First, the asshole factor. Take Columbus Day for example. Why on earth does the Post Office take a day off to celebrate a bastard ass-kisser who stopped at nothing — not even brutality and slavery — in the service of self-promotion? It begs the question of why we don’t celebrate Idi Amin Day.
Second: Even if you do name a holiday after a person who happens to be not of the asshole ilk — say, for example Jesus— eventually, every marketer will jump on the Jesus bandwagon. Soon they’ll be rebranding every idea Jesus had about the human spirit over the material world. Oh yeah, that already happened.
Come to think of it, that’s why — way back in the 20th Century — I opposed making Martin Luther King’s Birthday a holiday. I was called a rascist. But I had higher hopes for Dr. King. I had a dream about his holiday and it was a bad one. I figured that if we made a national holiday for the good doctor, eventually some son of a bitch like Glenn Beck would be hosting a holiday special on MLK Day sponsored by KBR and PBR. I saw a future for Martin Luther King as the “I Have a Dream” brand calendar icon. I couldn’t go there. Rather than give King a holiday, I proposed that we take those other person holidays — Lincoln’s Birthday, Columbus Day, Christmas — off the holiday calendar. Then we could start over. I was sure that Martin Luther King would have agreed. He seemed like that kind of guy to me. Unfortunately, I was among the few.
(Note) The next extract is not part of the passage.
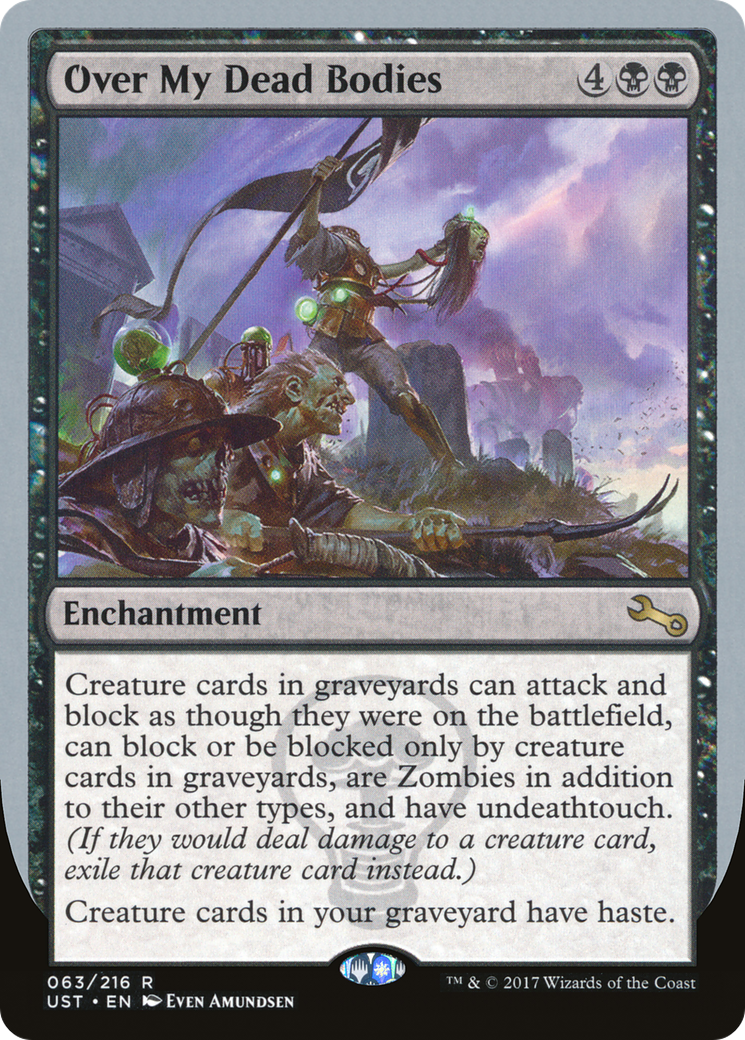 Creature cards in graveyards can attack and block as though they were on the battlefield, can block or be blocked only by creature cards in graveyards, are Zombies in addition to their other types, and have undeathtouch. (If they would deal damage to a creature card, exile that creature card instead.)
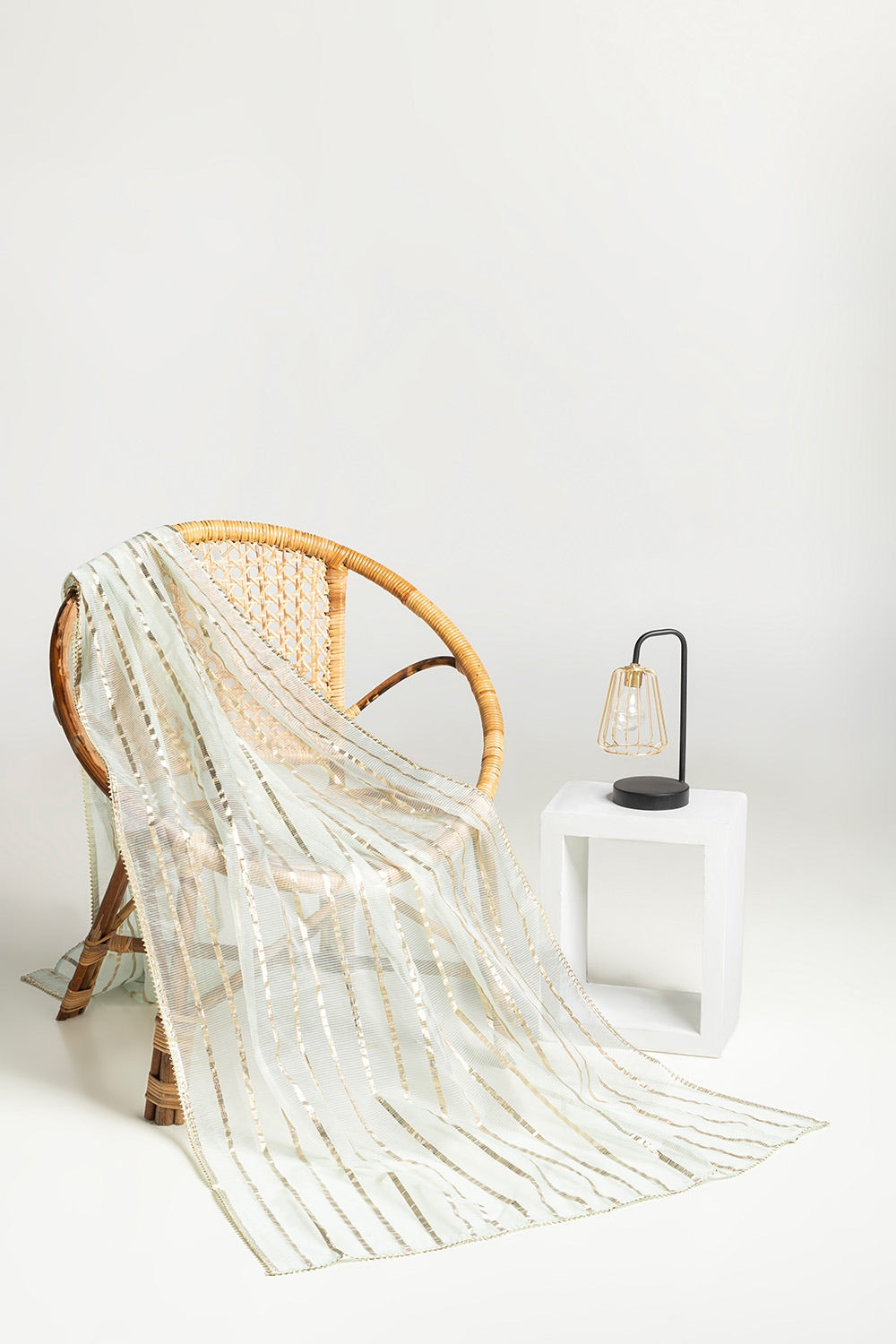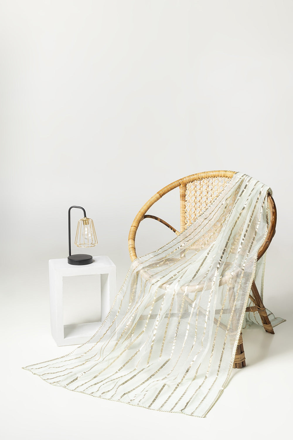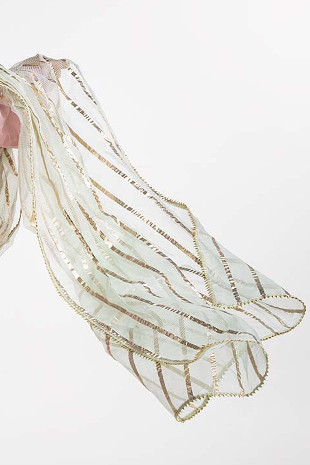 Ready to wear Complete your ensemble with this exquisite light green dupatta, adorned with gold stripes and intricate detailing along the edges. The lightweight fabric and luxurious design add a touch of sophistication, making it an ideal accessory for any outfit.

Now that it’s 2010, I figure it’s time to reconsider my personless holiday plan again. But let’s go further this time. Let’s ban ALL holidays starting now. Every one of them. Next, let’s remember that holidays happen every year because that’s how long it takes us to orbit the sun. What do you really want to remember every orbit? How about Gravity Day? Big Bang Day? Music Day? Do Nothing Day? Hug Day? Sex Day? Get High Day? Wear a Plunger On Your Head Day? There But For the Grace of God Go I Day? Sins on Our Behalf Day? Pulling Your Head Out of Your Ass Day?
Until that day, that holy day when we recognize what holidays could (and should) be, I’m going to, at least, take Jesus Day off my holiday calendar. I think I’ll rename December 25th Peace on Earth and Goodwill Toward Everyone Day. I think that Jesus would approve of that. Any seconds? Dr. King?